Air alerts sounded again and again in Kyiv as a massive Russian attack on at least six cities across Ukraine killed at least two people, started fires and wounded at least 21.
The attack carried out on the International Day of Peace coincided with the United Nations General Assembly summit in New York, where Ukrainian president Volodymyr Zelenskiy delivered a speech and presented a Ukrainian “peace formula”.
It also came as Poland said it will stop transferring any more of its own weapons to Ukraine as it modernises its own military.
Polish Prime Minister Mateusz Morawiecki said the decision is not related to a temporary ban on Ukrainian grain imports, nor will it affect weapons transfers through Poland.
A dispute about whether Ukrainian grain should be allowed to enter the domestic markets of Poland and other European Union countries has pushed the tight relationship between Kyiv and Warsaw to its lowest point since Russia invaded Ukraine last year.
“We are no longer transferring any weapons to Ukraine because now we will arm ourselves with the most modern weapons,” Mr Morawiecki said in an interview with private TV broadcaster Polsat News late on Wednesday.
He stressed that Poland will defend its economic interests but added that the dispute over grain imports will not harm Ukraine’s security. He said a Nato and US hub in the Polish city of Rzeszow used for transporting weapons into Ukraine will not be affected.

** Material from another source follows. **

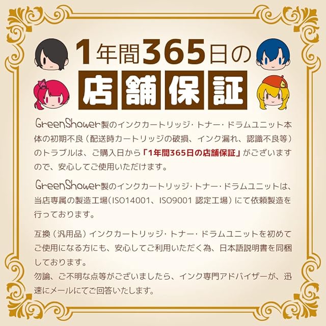 ■安心の日本法人インク販売店■ オンラインマニュアルを採用、商品パッケージのQRコードから読み取りいただけます。当店の互換インクカートリッジを初めてお使いの方にも安心専門のアドバイザースタッフを配置。(互換トナー・互換インク・リサイクル等販売歴5年以上のスタッフ)お客様を全力サポート致します。
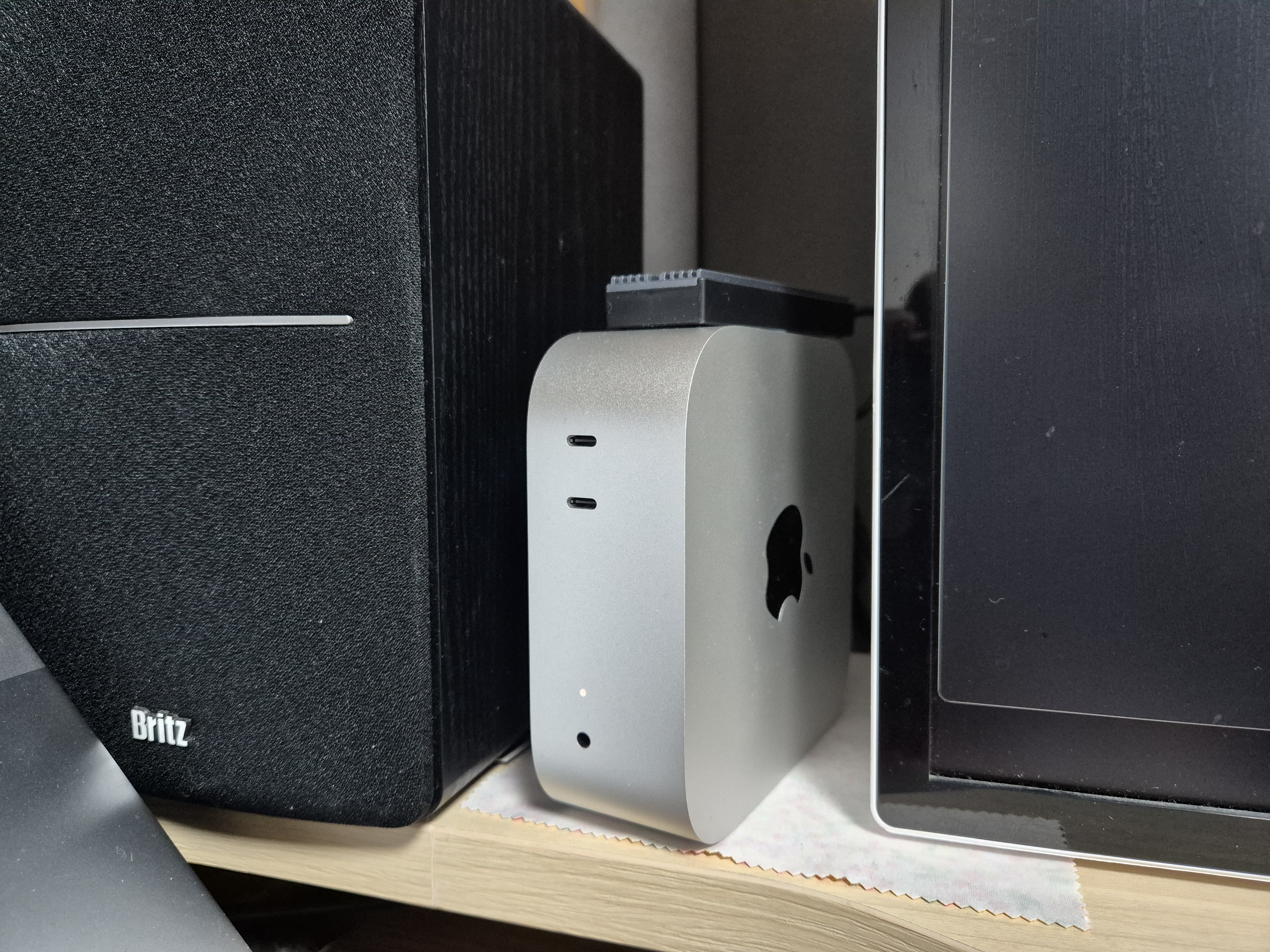 기존에 사용하던 m1 맥미니는 전원버튼이 뒤에 있어서 그나마 누를수가 있었는데, 이번거는 전원버튼이 아래에 있으니 눞혀놓고는 쓸수가 없다. 보기엔 별로 안 좋지만 그냥 세워두고 그 위에 외장 SSD 를 특수 접착물체(?)로 붙여놨다. ㅡ.ㅡ; 알리에서 몇가지 받침대를 팔고 있던데 마음에 쏙드는건 없음.

“We are not going to risk the security of Ukraine,” he said.
Poland has transferred large amounts of its older weapons to Ukraine and has been upgrading its own inventory with new equipment purchased from South Korea and other countries.
The missile attack was Russia’s largest since August 15 and came a day after reports of sabotage at a Russian military airfield in Chkalovsk near Moscow.
In the southern city of Kherson, near the front lines, two people were killed in Thursday’s attacks and at least five were injured when a strike hit a residential building, said regional Governor Oleksand Prokudin.
Seven people were injured in Kyiv, including a nine-year-old girl, Mayor Vitalii Klitschko said, and some residential and commercial buildings were damaged.
The Ukrainian Air Force said it had intercepted 36 of 43 cruise missiles launched deep into Ukraine.
Closer to the the front lines, Kherson was struck with S-300 missiles and Kharkiv was likely targeted with other, shorter-ranged, weapons.
At least six strikes hit the Slobidskyi district of Kharkiv, damaging civilian infrastructure, said regional governor Oleh Syniehubov. The city’s mayor added that two people had been taken to hospital.
At least 10 people were injured and at least one person was rescued from under rubble in Cherkasy, in central Ukraine, according to Ihor Klymenko, Ukraine’s internal affairs minister.
An industrial zone was hit in the western region of Lviv, damaging buildings and starting a fire, but no information on casualties was immediately available, Mr Klymenko added.
Regional governor Vitalii Koval reported strikes in the city of Rivne, in the north-west region of the same name, without immediately providing details.
Russia’s Ministry of Defence said 22 drones were taken down overnight by air defence systems, 19 above Russian-annexed Crimea and three others in the Kursk, Belgorod and Oryol regions near Ukraine. It did not say whether there were any casualties.